• **Directions for this task**
Everything in the listing except the pictures should be written out exactly.

*** Input records ***

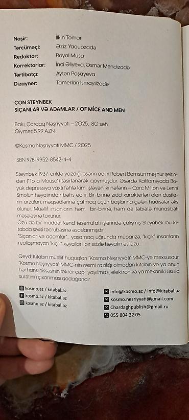 Məhsul: Kitab – “Siçanlar və Adamlar” (Con Steynbek) Nəşriyyat: Çardağ
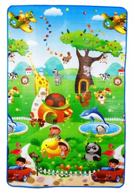 Призначений для дітей від 6-ти місяців. Двосторонній килимок, відмінно підходить для ігор на вулиці і будинки. Килимок не промокає і є термостійким. Матеріал: етіленвінілацетат (EPE). Розмір: 120 * 180 см. Товщина: 0,5 см. Двосторонній килимок, виконаний з сучасного синтетичного матеріалу на основі EРЕ-полімеру, який характеризується такими властивостями, як вологостійкість, еластичність, пружність, висока зносостійкість і мала теплопровідність. Матеріал не викликає алергії і стійкий до впливу грибків і бактерій. Килимок є ідеальним ігровим майданчиком для дітей: поверхня килимка пом'якшує удари при падінні дитини, захищає від холоду, легко миється і не пропускає вологу. Краї килимка прострочені і оброблені спеціальною стрічкою з міцного матеріалу. Килимок відповідає вимогам технічного регламенту з безпеки, має Декларацію відповідності, висновок СЕС і рекомендований до застосування. Інструкція: перед використанням промити водою з нейтральним дитячим засобом для миття і просушити. Попередження: не залишайте дітей без нагляду дорослих. У разі проковтування дрібних частин килимка негайно звернутися до лікаря. Килимок використовувати далеко від джерел тепла.
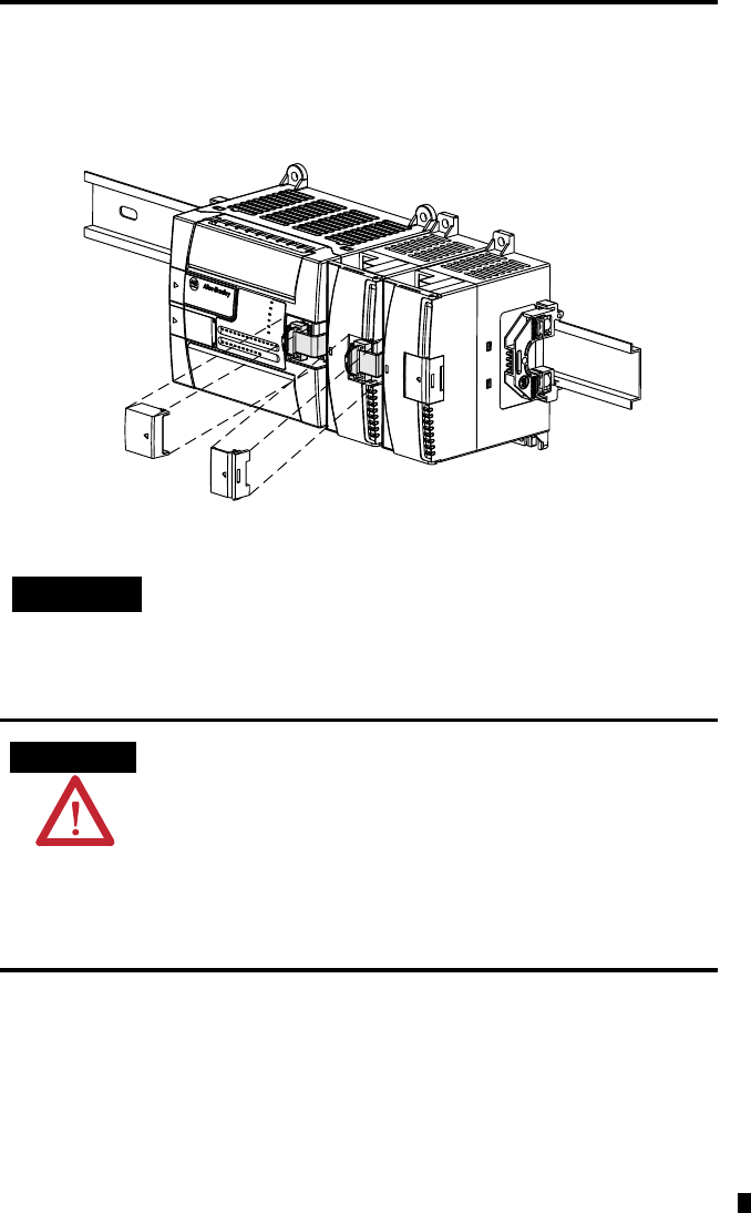 The expansion I/O module is attached to the controller or another I/O module by means of a
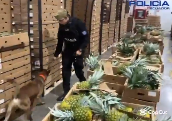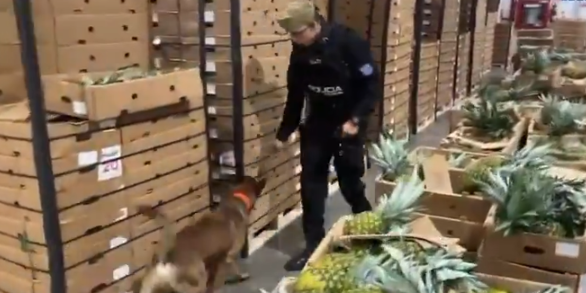 La droga fue detectada gracias a un perro antidrogas durante una inspección completa que los agentes realizaron a un contenedor cargado de piñas en uno de los terminales portuarios.
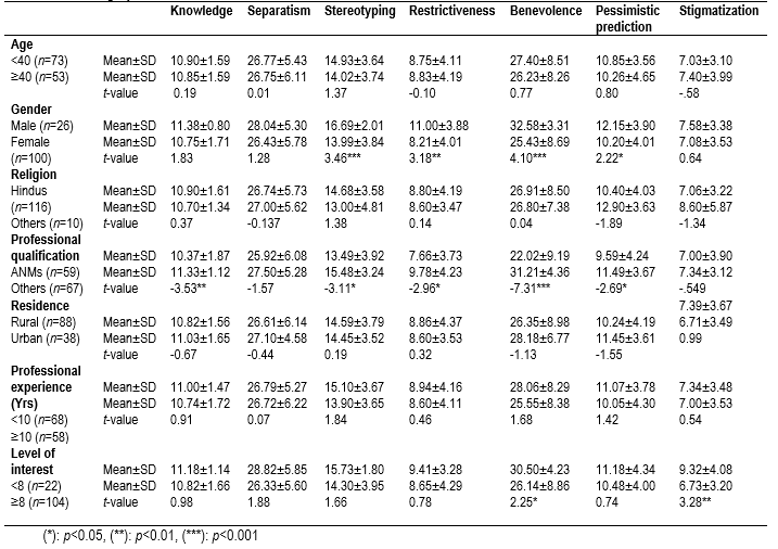 Results. : The findings revealed that majority of the subjects were women (74.4%), Hindus (92.1%) and were from rural background (69.8%). The mean Knowledge score 10.8±1.6 adequate knowledge (maximum possible =12) among 91% of the subjects, and 52% of them hold negative attitudes towards people with mental illness (88.9±13.6). While majority of the subjects hold negative attitudes in ‘Separatism’ (53.5%), ‘Stereotyping’ (73%), ‘Benevolence’ (54%), ‘Pessimistic prediction’ (53%) domains, they hold positive attitudes in ‘Restrictiveness’ (88%) and ‘Stigmatization’ (72%) domains. Women than men endorsed positive attitudes towards persons with mental illness in Stereotyping’ (p<0.001), ‘Restrictiveness’ (p<0.01), ‘Benevolence’ (p<0.001) and ‘Pessimistic prediction’ (t= 2.22, p<0.05) domains. Similarly, Auxiliary Nursing Midwifery found to be less restrictive (p<0.05), more benevolent (p<0.001) and less pessimistic (p<0.05) compared to nurses with higher education (General Nursing and Midwifery and Bachelor of Science in Nursing).
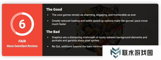 《幻想水浒传1&2复刻版》于今日正式发售,外媒GameSpot发布了本作的媒体评测文章,给出了6分。
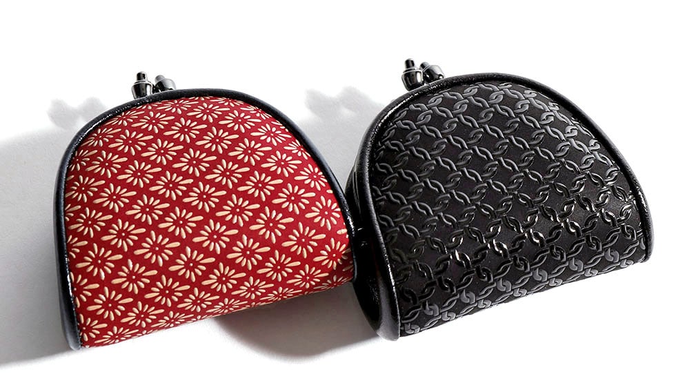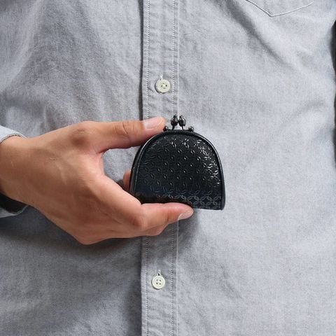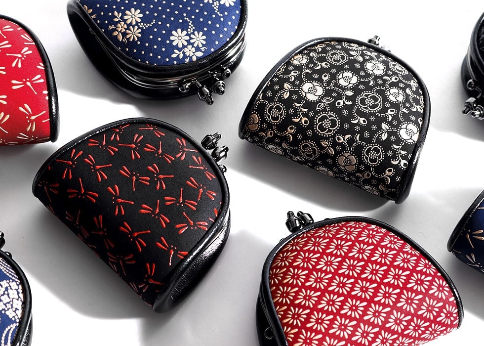 本体は、手の平に収まるコロンとした大きさとがま口デザインが印象的。金具部分は落ち着いた色味で仕上げられ、より一層気品のある落ち着いた雰囲気を醸し出します。職人が生み出した美しい柄が、さりげなく持つ人のこだわりを感じさせる逸品です。甲州に四百年もの長い年月受け継がれる心、その脈々と受け継がれる職人の技と心が生み出す伝統美を手に取って味わっていただけます。

*** End of Input records ***

• **Response to this task**
 Məhsul: Kitab – “Siçanlar və Adamlar” (Con Steynbek) Nəşriyyat: Çardağ
 Призначений для дітей від 6-ти місяців. Двосторонній килимок, відмінно підходить для ігор на вулиці і будинки. Килимок не промокає і є термостійким. Матеріал: етіленвінілацетат (EPE). Розмір: 120 * 180 см. Товщина: 0,5 см. Двосторонній килимок, виконаний з сучасного синтетичного матеріалу на основі EРЕ-полімеру, який характеризується такими властивостями, як вологостійкість, еластичність, пружність, висока зносостійкість і мала теплопровідність. Матеріал не викликає алергії і стійкий до впливу грибків і бактерій. Килимок є ідеальним ігровим майданчиком для дітей: поверхня килимка пом'якшує удари при падінні дитини, захищає від холоду, легко миється і не пропускає вологу. Краї килимка прострочені і оброблені спеціальною стрічкою з міцного матеріалу. Килимок відповідає вимогам технічного регламенту з безпеки, має Декларацію відповідності, висновок СЕС і рекомендований до застосування. Інструкція: перед використанням промити водою з нейтральним дитячим засобом для миття і просушити. Попередження: не залишайте дітей без нагляду дорослих. У разі проковтування дрібних частин килимка негайно звернутися до лікаря. Килимок використовувати далеко від джерел тепла.
 The expansion I/O module is attached to the controller or another I/O module by means of a
 La droga fue detectada gracias a un perro antidrogas durante una inspección completa que los agentes realizaron a un contenedor cargado de piñas en uno de los terminales portuarios.
 Results. : The findings revealed that majority of the subjects were women (74.4%), Hindus (92.1%) and were from rural background (69.8%). The mean Knowledge score 10.8±1.6 adequate knowledge (maximum possible =12) among 91% of the subjects, and 52% of them hold negative attitudes towards people with mental illness (88.9±13.6). While majority of the subjects hold negative attitudes in ‘Separatism’ (53.5%), ‘Stereotyping’ (73%), ‘Benevolence’ (54%), ‘Pessimistic prediction’ (53%) domains, they hold positive attitudes in ‘Restrictiveness’ (88%) and ‘Stigmatization’ (72%) domains. Women than men endorsed positive attitudes towards persons with mental illness in Stereotyping’ (p<0.001), ‘Restrictiveness’ (p<0.01), ‘Benevolence’ (p<0.001) and ‘Pessimistic prediction’ (t= 2.22, p<0.05) domains. Similarly, Auxiliary Nursing Midwifery found to be less restrictive (p<0.05), more benevolent (p<0.001) and less pessimistic (p<0.05) compared to nurses with higher education (General Nursing and Midwifery and Bachelor of Science in Nursing).
 《幻想水浒传1&2复刻版》于今日正式发售,外媒GameSpot发布了本作的媒体评测文章,给出了6分。
 本体は、手の平に収まるコロンとした大きさとがま口デザインが印象的。金具部分は落ち着いた色味で仕上げられ、より一層気品のある落ち着いた雰囲気を醸し出します。職人が生み出した美しい柄が、さりげなく持つ人のこだわりを感じさせる逸品です。甲州に四百年もの長い年月受け継がれる心、その脈々と受け継がれる職人の技と心が生み出す伝統美を手に取って味わっていただけます。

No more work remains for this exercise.